Task brief :: Please reproduce the entries below exactly, omitting any images they contain.

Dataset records

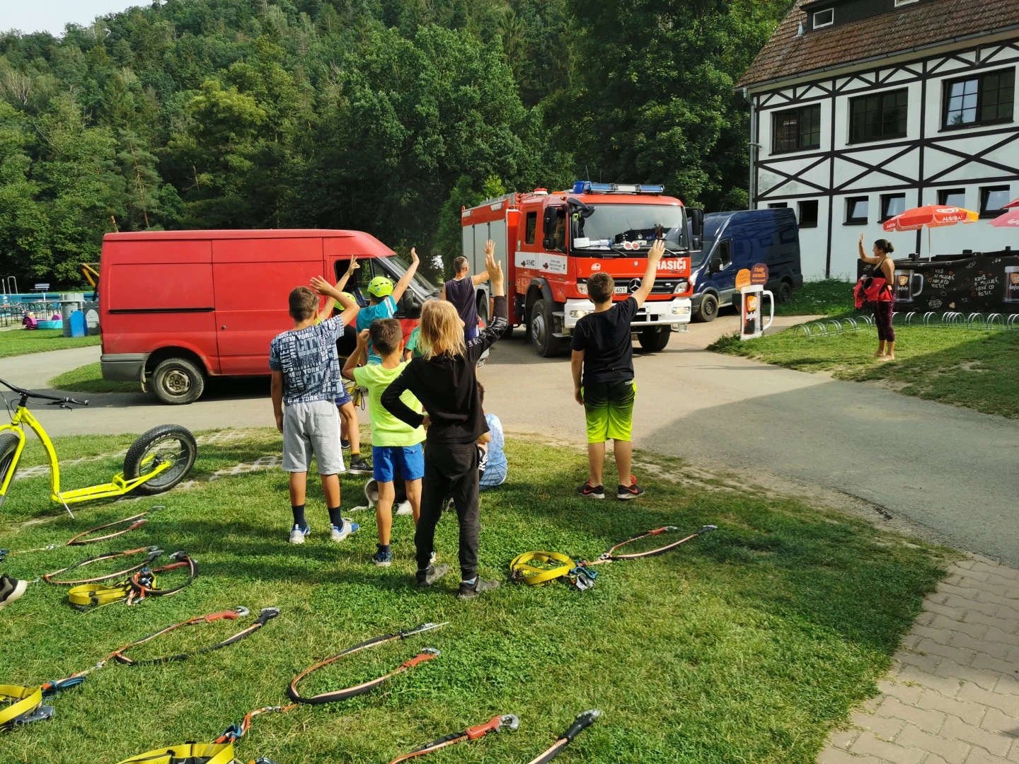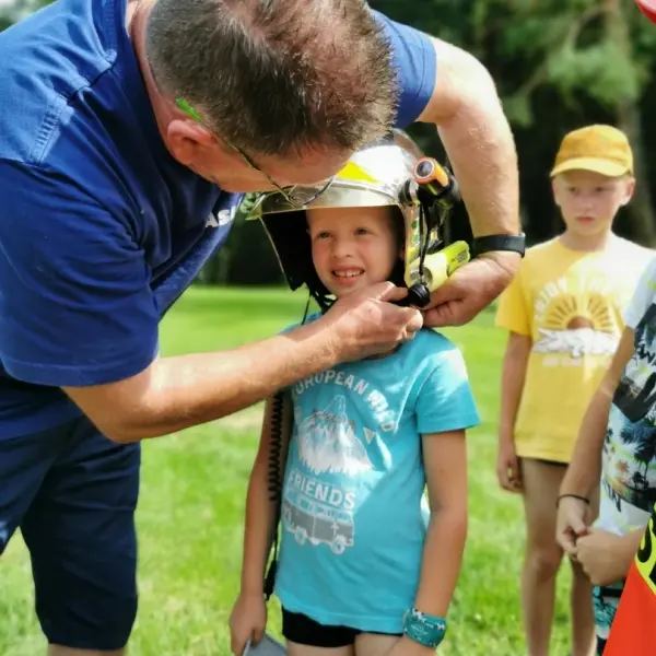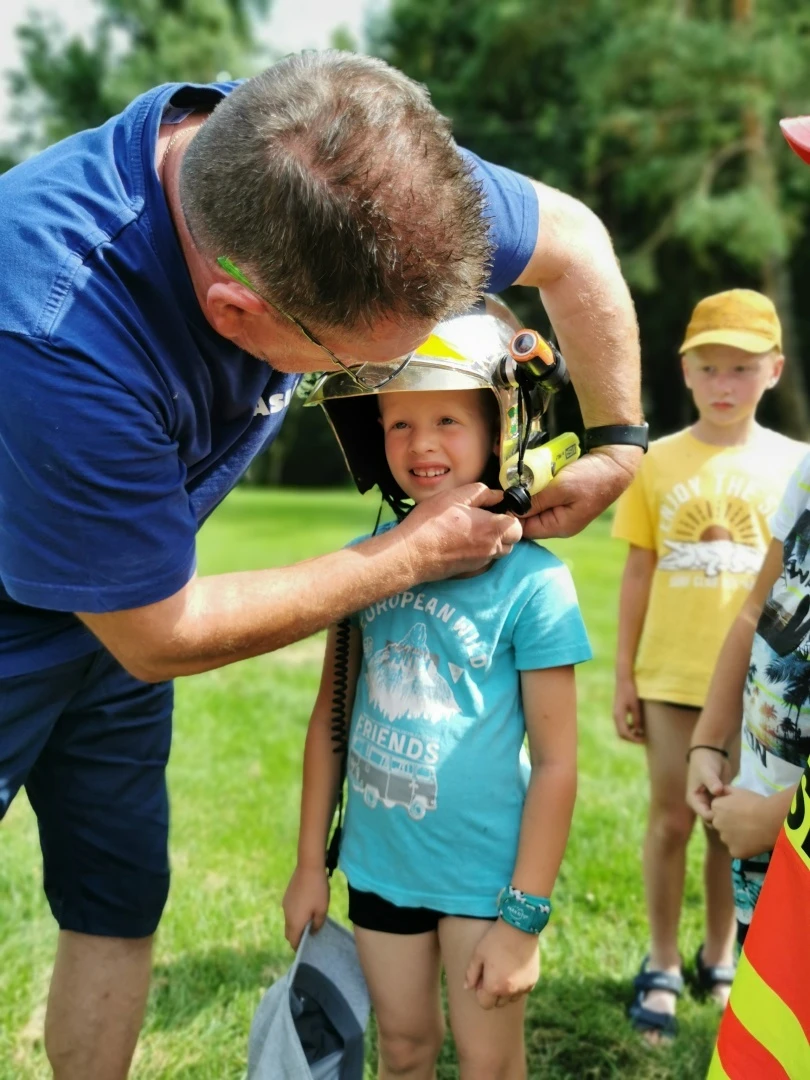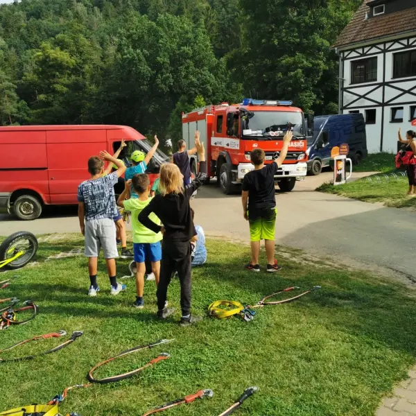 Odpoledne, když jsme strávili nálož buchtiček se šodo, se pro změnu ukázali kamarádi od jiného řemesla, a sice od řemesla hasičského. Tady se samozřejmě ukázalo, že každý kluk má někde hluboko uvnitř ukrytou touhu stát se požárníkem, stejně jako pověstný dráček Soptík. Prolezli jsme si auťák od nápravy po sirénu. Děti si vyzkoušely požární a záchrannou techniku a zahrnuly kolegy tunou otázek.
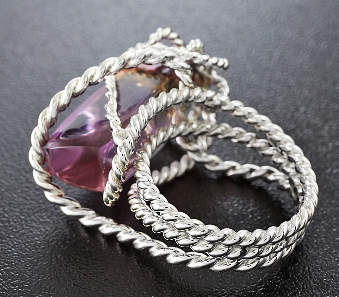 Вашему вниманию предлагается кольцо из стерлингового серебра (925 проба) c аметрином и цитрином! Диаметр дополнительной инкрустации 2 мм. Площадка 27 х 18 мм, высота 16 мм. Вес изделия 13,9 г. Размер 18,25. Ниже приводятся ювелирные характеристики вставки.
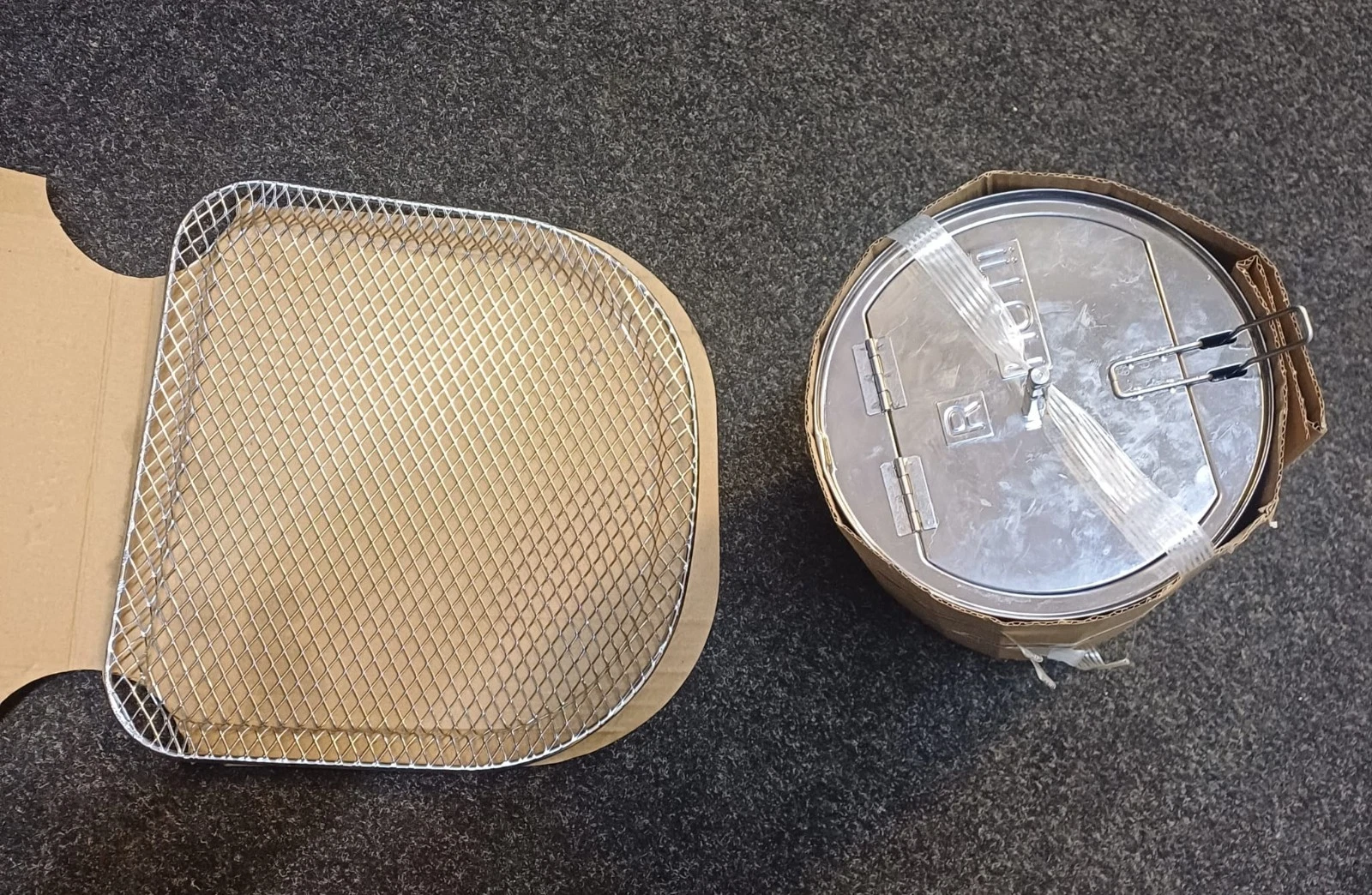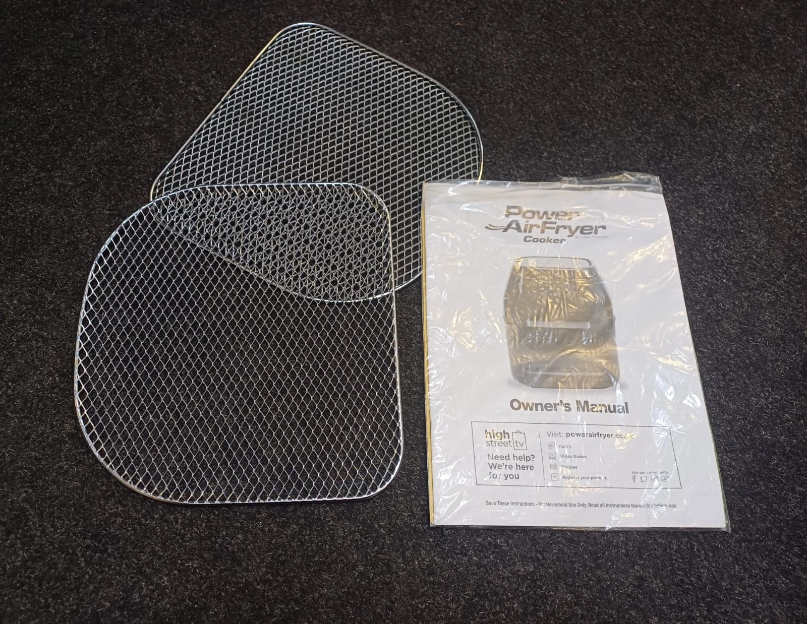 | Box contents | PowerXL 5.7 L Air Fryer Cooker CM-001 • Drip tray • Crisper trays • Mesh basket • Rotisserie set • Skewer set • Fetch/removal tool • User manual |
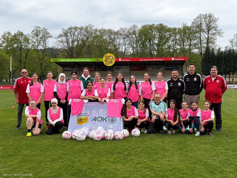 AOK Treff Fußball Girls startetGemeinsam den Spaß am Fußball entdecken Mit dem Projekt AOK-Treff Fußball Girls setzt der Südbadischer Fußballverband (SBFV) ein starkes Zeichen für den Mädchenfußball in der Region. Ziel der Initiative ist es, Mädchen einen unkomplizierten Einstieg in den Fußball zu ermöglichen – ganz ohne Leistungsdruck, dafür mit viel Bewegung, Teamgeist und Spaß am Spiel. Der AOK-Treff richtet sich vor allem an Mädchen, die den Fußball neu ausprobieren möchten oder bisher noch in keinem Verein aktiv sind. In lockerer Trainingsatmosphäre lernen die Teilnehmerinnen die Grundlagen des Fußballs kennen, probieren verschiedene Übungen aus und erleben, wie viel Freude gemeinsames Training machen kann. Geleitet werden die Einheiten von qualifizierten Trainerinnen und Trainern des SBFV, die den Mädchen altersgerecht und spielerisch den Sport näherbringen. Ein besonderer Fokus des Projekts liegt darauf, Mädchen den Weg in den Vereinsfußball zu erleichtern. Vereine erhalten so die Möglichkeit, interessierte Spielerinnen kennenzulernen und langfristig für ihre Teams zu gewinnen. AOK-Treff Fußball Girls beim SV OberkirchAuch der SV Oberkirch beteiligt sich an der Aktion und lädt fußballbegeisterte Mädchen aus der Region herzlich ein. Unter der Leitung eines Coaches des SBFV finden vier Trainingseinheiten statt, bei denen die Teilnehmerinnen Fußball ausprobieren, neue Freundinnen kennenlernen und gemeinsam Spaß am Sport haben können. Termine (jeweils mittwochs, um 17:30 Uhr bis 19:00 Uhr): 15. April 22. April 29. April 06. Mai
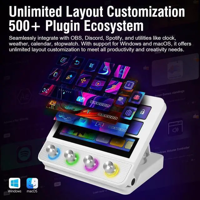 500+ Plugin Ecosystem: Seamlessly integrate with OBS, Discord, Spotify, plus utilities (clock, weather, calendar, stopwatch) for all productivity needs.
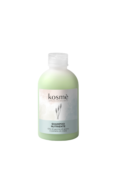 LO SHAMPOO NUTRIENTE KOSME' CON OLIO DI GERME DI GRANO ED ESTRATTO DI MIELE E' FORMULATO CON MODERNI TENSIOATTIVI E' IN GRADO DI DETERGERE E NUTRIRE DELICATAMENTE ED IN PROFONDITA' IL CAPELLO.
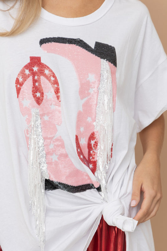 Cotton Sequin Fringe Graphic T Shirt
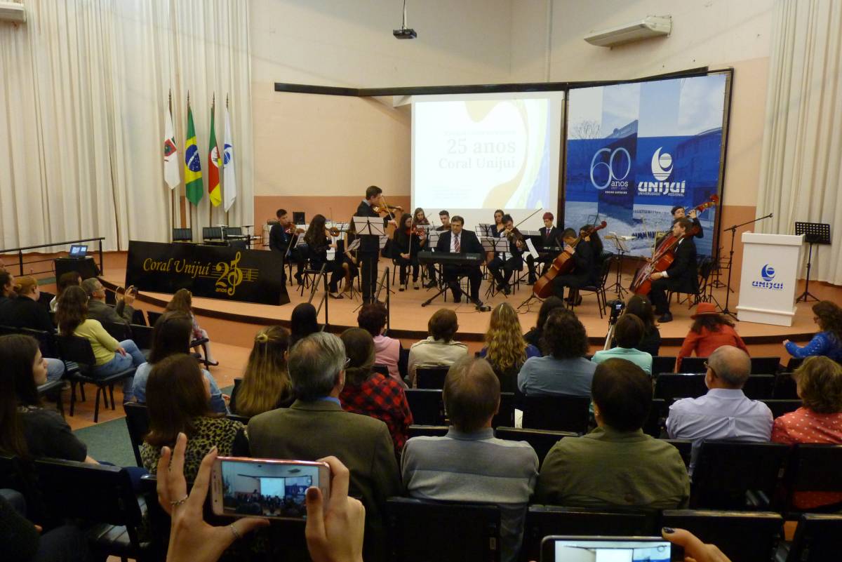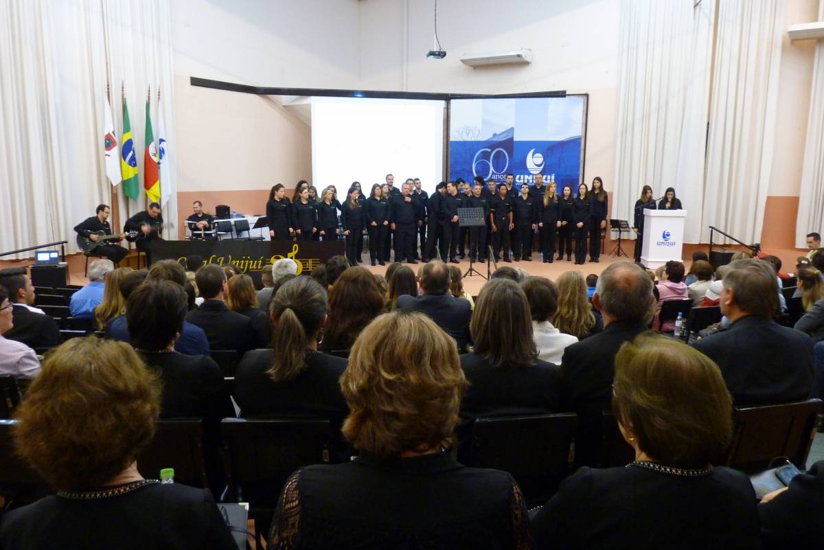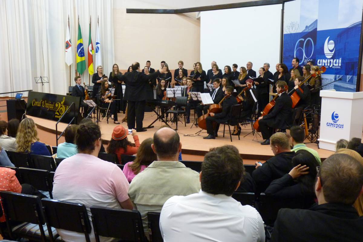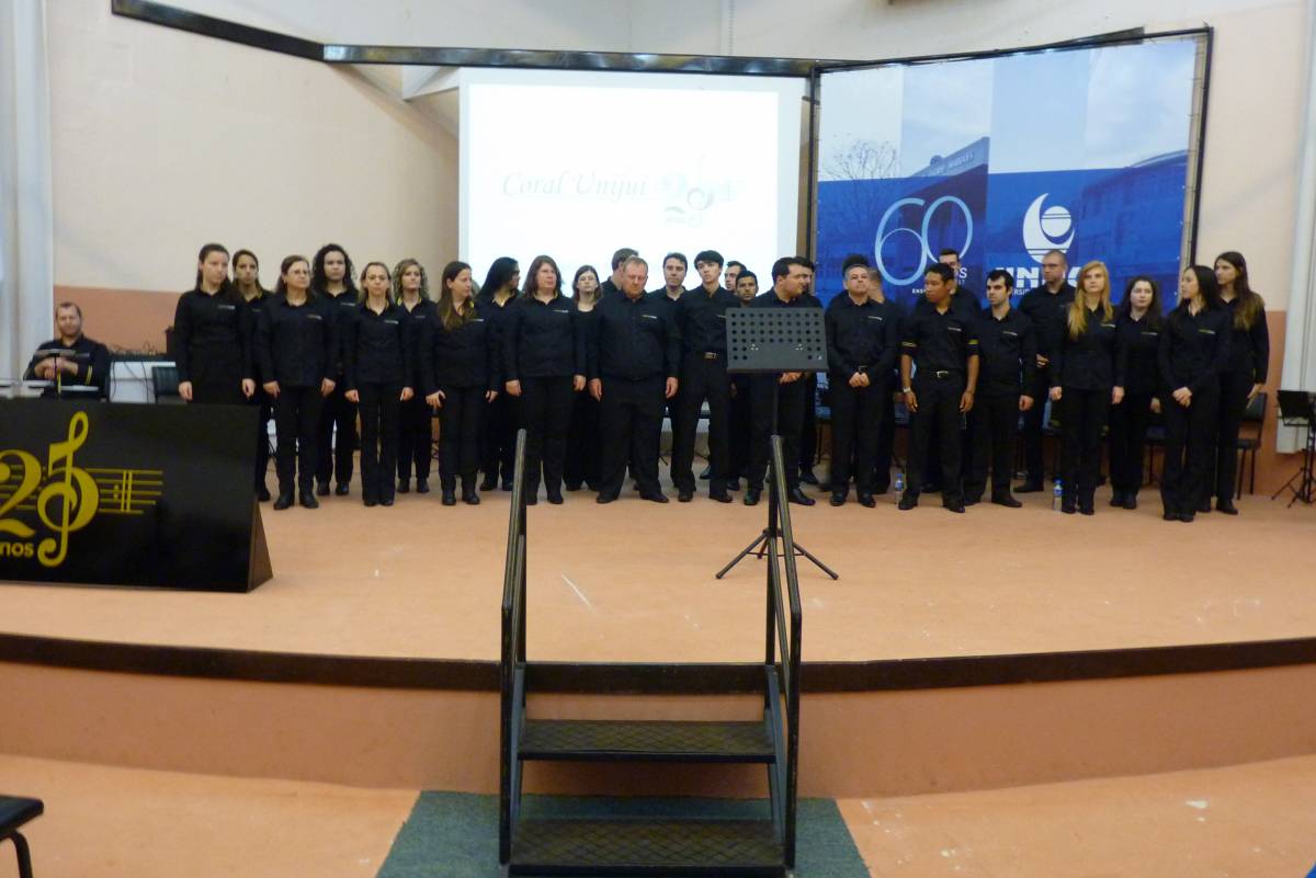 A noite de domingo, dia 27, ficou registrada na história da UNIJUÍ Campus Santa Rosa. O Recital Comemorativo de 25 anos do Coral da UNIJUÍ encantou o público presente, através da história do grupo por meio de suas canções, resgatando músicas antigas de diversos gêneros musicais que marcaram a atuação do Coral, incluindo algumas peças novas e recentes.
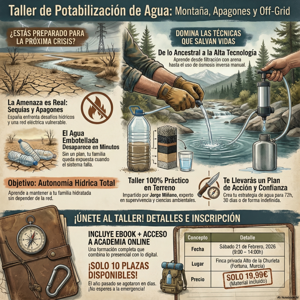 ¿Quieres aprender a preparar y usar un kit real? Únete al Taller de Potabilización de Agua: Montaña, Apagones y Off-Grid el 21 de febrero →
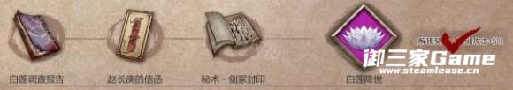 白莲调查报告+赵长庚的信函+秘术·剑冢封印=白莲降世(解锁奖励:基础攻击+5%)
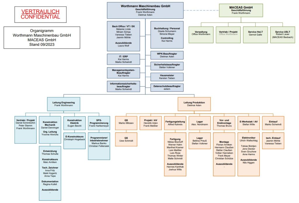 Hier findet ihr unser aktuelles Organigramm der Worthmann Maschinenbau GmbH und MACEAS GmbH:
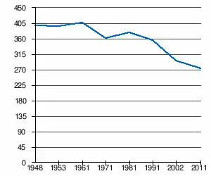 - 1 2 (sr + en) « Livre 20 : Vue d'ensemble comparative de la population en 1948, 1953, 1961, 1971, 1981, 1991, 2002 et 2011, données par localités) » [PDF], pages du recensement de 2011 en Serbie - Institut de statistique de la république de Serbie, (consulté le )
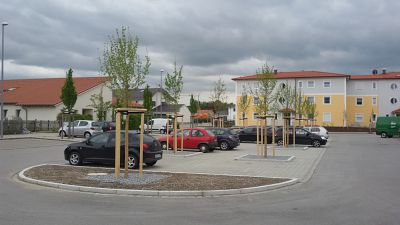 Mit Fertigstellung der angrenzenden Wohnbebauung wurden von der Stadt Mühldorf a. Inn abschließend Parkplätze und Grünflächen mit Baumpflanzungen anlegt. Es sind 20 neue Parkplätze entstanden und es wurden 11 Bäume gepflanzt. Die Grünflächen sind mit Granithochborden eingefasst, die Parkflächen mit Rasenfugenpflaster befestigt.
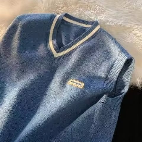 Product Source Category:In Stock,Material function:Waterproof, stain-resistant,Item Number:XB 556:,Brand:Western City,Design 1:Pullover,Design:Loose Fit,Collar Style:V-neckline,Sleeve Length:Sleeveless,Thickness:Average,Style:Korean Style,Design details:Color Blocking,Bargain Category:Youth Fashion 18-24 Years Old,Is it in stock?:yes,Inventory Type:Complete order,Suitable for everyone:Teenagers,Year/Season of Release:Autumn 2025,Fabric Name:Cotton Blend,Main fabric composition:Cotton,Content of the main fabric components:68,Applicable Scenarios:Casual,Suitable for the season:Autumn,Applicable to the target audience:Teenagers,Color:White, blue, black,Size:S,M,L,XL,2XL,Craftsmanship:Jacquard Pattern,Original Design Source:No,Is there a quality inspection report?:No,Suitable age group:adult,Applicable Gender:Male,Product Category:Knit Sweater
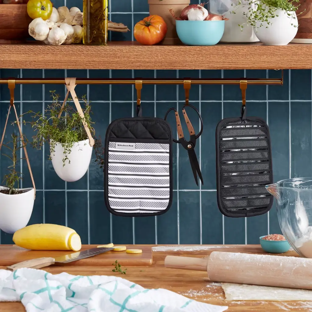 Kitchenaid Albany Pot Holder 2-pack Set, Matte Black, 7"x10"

Task answer ::
 Odpoledne, když jsme strávili nálož buchtiček se šodo, se pro změnu ukázali kamarádi od jiného řemesla, a sice od řemesla hasičského. Tady se samozřejmě ukázalo, že každý kluk má někde hluboko uvnitř ukrytou touhu stát se požárníkem, stejně jako pověstný dráček Soptík. Prolezli jsme si auťák od nápravy po sirénu. Děti si vyzkoušely požární a záchrannou techniku a zahrnuly kolegy tunou otázek.
 Вашему вниманию предлагается кольцо из стерлингового серебра (925 проба) c аметрином и цитрином! Диаметр дополнительной инкрустации 2 мм. Площадка 27 х 18 мм, высота 16 мм. Вес изделия 13,9 г. Размер 18,25. Ниже приводятся ювелирные характеристики вставки.
 | Box contents | PowerXL 5.7 L Air Fryer Cooker CM-001 • Drip tray • Crisper trays • Mesh basket • Rotisserie set • Skewer set • Fetch/removal tool • User manual |
 AOK Treff Fußball Girls startetGemeinsam den Spaß am Fußball entdecken Mit dem Projekt AOK-Treff Fußball Girls setzt der Südbadischer Fußballverband (SBFV) ein starkes Zeichen für den Mädchenfußball in der Region. Ziel der Initiative ist es, Mädchen einen unkomplizierten Einstieg in den Fußball zu ermöglichen – ganz ohne Leistungsdruck, dafür mit viel Bewegung, Teamgeist und Spaß am Spiel. Der AOK-Treff richtet sich vor allem an Mädchen, die den Fußball neu ausprobieren möchten oder bisher noch in keinem Verein aktiv sind. In lockerer Trainingsatmosphäre lernen die Teilnehmerinnen die Grundlagen des Fußballs kennen, probieren verschiedene Übungen aus und erleben, wie viel Freude gemeinsames Training machen kann. Geleitet werden die Einheiten von qualifizierten Trainerinnen und Trainern des SBFV, die den Mädchen altersgerecht und spielerisch den Sport näherbringen. Ein besonderer Fokus des Projekts liegt darauf, Mädchen den Weg in den Vereinsfußball zu erleichtern. Vereine erhalten so die Möglichkeit, interessierte Spielerinnen kennenzulernen und langfristig für ihre Teams zu gewinnen. AOK-Treff Fußball Girls beim SV OberkirchAuch der SV Oberkirch beteiligt sich an der Aktion und lädt fußballbegeisterte Mädchen aus der Region herzlich ein. Unter der Leitung eines Coaches des SBFV finden vier Trainingseinheiten statt, bei denen die Teilnehmerinnen Fußball ausprobieren, neue Freundinnen kennenlernen und gemeinsam Spaß am Sport haben können. Termine (jeweils mittwochs, um 17:30 Uhr bis 19:00 Uhr): 15. April 22. April 29. April 06. Mai
 500+ Plugin Ecosystem: Seamlessly integrate with OBS, Discord, Spotify, plus utilities (clock, weather, calendar, stopwatch) for all productivity needs.
 LO SHAMPOO NUTRIENTE KOSME' CON OLIO DI GERME DI GRANO ED ESTRATTO DI MIELE E' FORMULATO CON MODERNI TENSIOATTIVI E' IN GRADO DI DETERGERE E NUTRIRE DELICATAMENTE ED IN PROFONDITA' IL CAPELLO.
 Cotton Sequin Fringe Graphic T Shirt
 A noite de domingo, dia 27, ficou registrada na história da UNIJUÍ Campus Santa Rosa. O Recital Comemorativo de 25 anos do Coral da UNIJUÍ encantou o público presente, através da história do grupo por meio de suas canções, resgatando músicas antigas de diversos gêneros musicais que marcaram a atuação do Coral, incluindo algumas peças novas e recentes.
 ¿Quieres aprender a preparar y usar un kit real? Únete al Taller de Potabilización de Agua: Montaña, Apagones y Off-Grid el 21 de febrero →
 白莲调查报告+赵长庚的信函+秘术·剑冢封印=白莲降世(解锁奖励:基础攻击+5%)
 Hier findet ihr unser aktuelles Organigramm der Worthmann Maschinenbau GmbH und MACEAS GmbH:
 - 1 2 (sr + en) « Livre 20 : Vue d'ensemble comparative de la population en 1948, 1953, 1961, 1971, 1981, 1991, 2002 et 2011, données par localités) » [PDF], pages du recensement de 2011 en Serbie - Institut de statistique de la république de Serbie, (consulté le )
 Mit Fertigstellung der angrenzenden Wohnbebauung wurden von der Stadt Mühldorf a. Inn abschließend Parkplätze und Grünflächen mit Baumpflanzungen anlegt. Es sind 20 neue Parkplätze entstanden und es wurden 11 Bäume gepflanzt. Die Grünflächen sind mit Granithochborden eingefasst, die Parkflächen mit Rasenfugenpflaster befestigt.
 Product Source Category:In Stock,Material function:Waterproof, stain-resistant,Item Number:XB 556:,Brand:Western City,Design 1:Pullover,Design:Loose Fit,Collar Style:V-neckline,Sleeve Length:Sleeveless,Thickness:Average,Style:Korean Style,Design details:Color Blocking,Bargain Category:Youth Fashion 18-24 Years Old,Is it in stock?:yes,Inventory Type:Complete order,Suitable for everyone:Teenagers,Year/Season of Release:Autumn 2025,Fabric Name:Cotton Blend,Main fabric composition:Cotton,Content of the main fabric components:68,Applicable Scenarios:Casual,Suitable for the season:Autumn,Applicable to the target audience:Teenagers,Color:White, blue, black,Size:S,M,L,XL,2XL,Craftsmanship:Jacquard Pattern,Original Design Source:No,Is there a quality inspection report?:No,Suitable age group:adult,Applicable Gender:Male,Product Category:Knit Sweater
 Kitchenaid Albany Pot Holder 2-pack Set, Matte Black, 7"x10"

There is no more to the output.